** Given material follows **

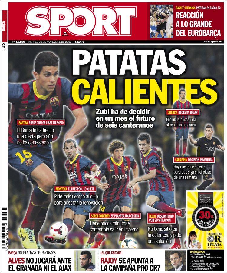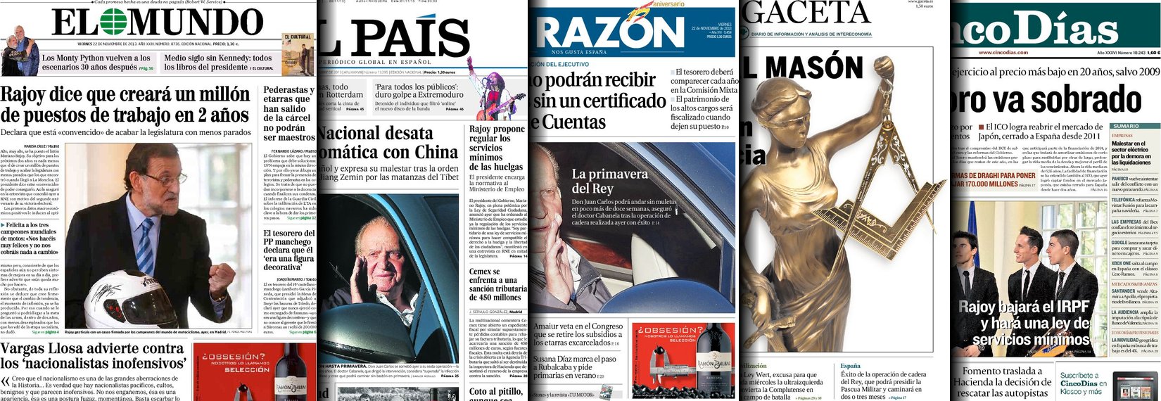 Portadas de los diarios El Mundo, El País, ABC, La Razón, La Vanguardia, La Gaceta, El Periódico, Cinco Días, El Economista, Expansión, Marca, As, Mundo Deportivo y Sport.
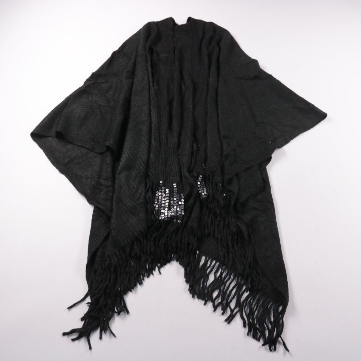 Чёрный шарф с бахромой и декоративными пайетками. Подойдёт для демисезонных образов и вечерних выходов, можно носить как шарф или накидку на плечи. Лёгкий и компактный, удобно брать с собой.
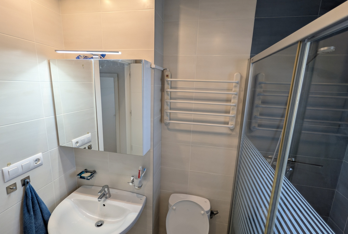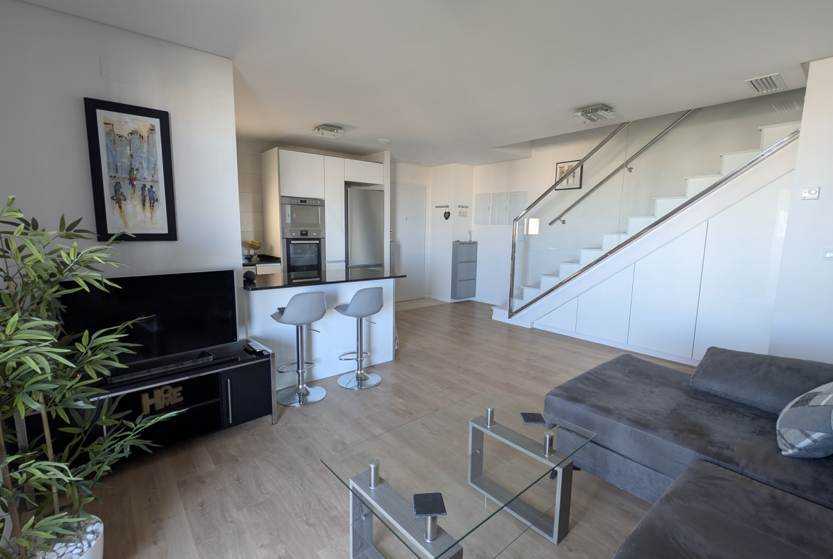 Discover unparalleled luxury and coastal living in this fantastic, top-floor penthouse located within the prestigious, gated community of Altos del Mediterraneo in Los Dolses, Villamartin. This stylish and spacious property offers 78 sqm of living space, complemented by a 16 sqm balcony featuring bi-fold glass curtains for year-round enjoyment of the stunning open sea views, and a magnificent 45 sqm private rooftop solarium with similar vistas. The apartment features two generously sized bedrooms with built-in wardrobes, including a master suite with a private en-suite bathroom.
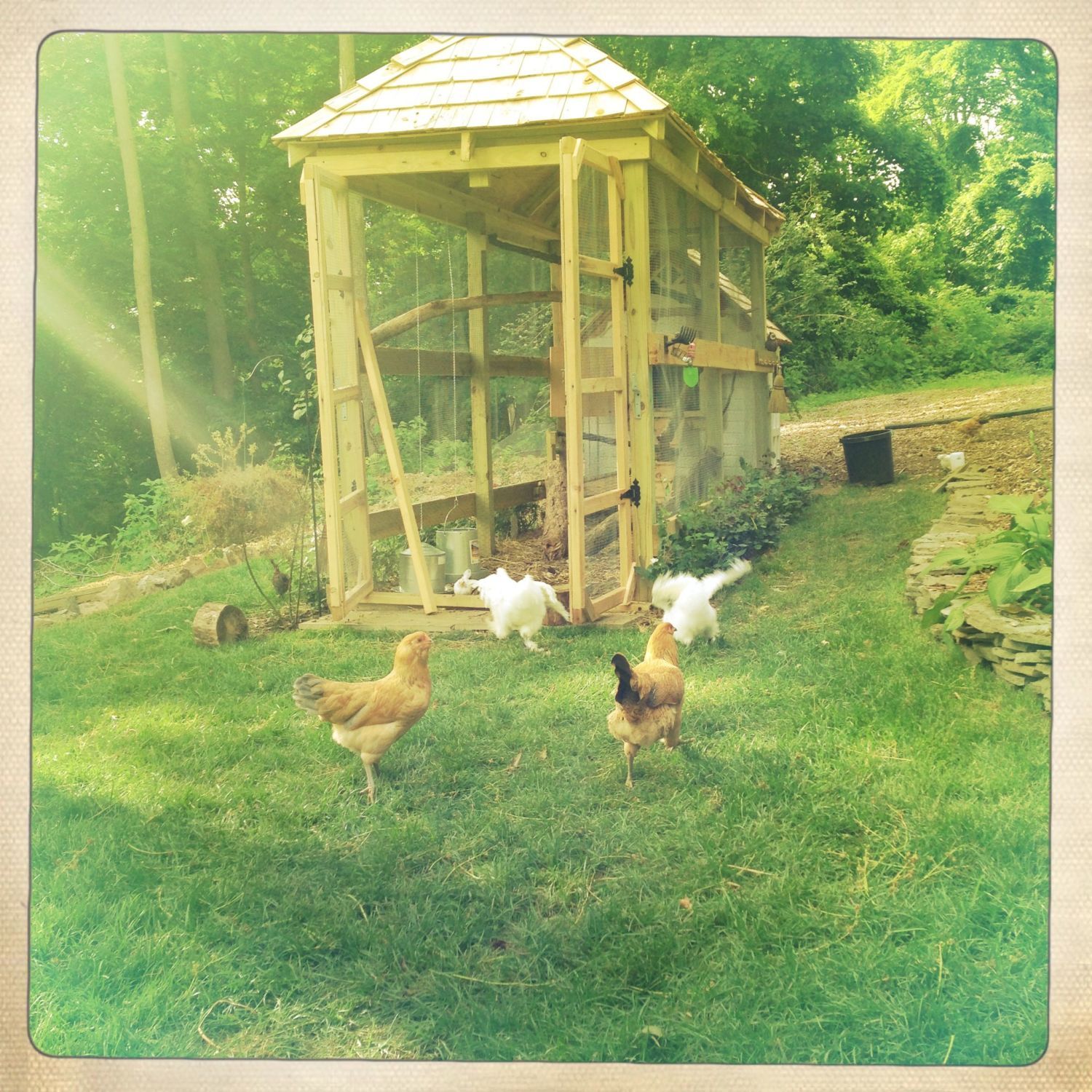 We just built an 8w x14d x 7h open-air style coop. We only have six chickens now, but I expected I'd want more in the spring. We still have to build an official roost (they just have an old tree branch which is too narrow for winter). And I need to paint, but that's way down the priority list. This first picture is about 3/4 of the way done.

** End of Given material **

Beginning with the line that contains "Discover unparalleled luxury" and ending with the last line of the data, transcribe each line exactly; pictures stay out.

Result →
 Discover unparalleled luxury and coastal living in this fantastic, top-floor penthouse located within the prestigious, gated community of Altos del Mediterraneo in Los Dolses, Villamartin. This stylish and spacious property offers 78 sqm of living space, complemented by a 16 sqm balcony featuring bi-fold glass curtains for year-round enjoyment of the stunning open sea views, and a magnificent 45 sqm private rooftop solarium with similar vistas. The apartment features two generously sized bedrooms with built-in wardrobes, including a master suite with a private en-suite bathroom.
 We just built an 8w x14d x 7h open-air style coop. We only have six chickens now, but I expected I'd want more in the spring. We still have to build an official roost (they just have an old tree branch which is too narrow for winter). And I need to paint, but that's way down the priority list. This first picture is about 3/4 of the way done.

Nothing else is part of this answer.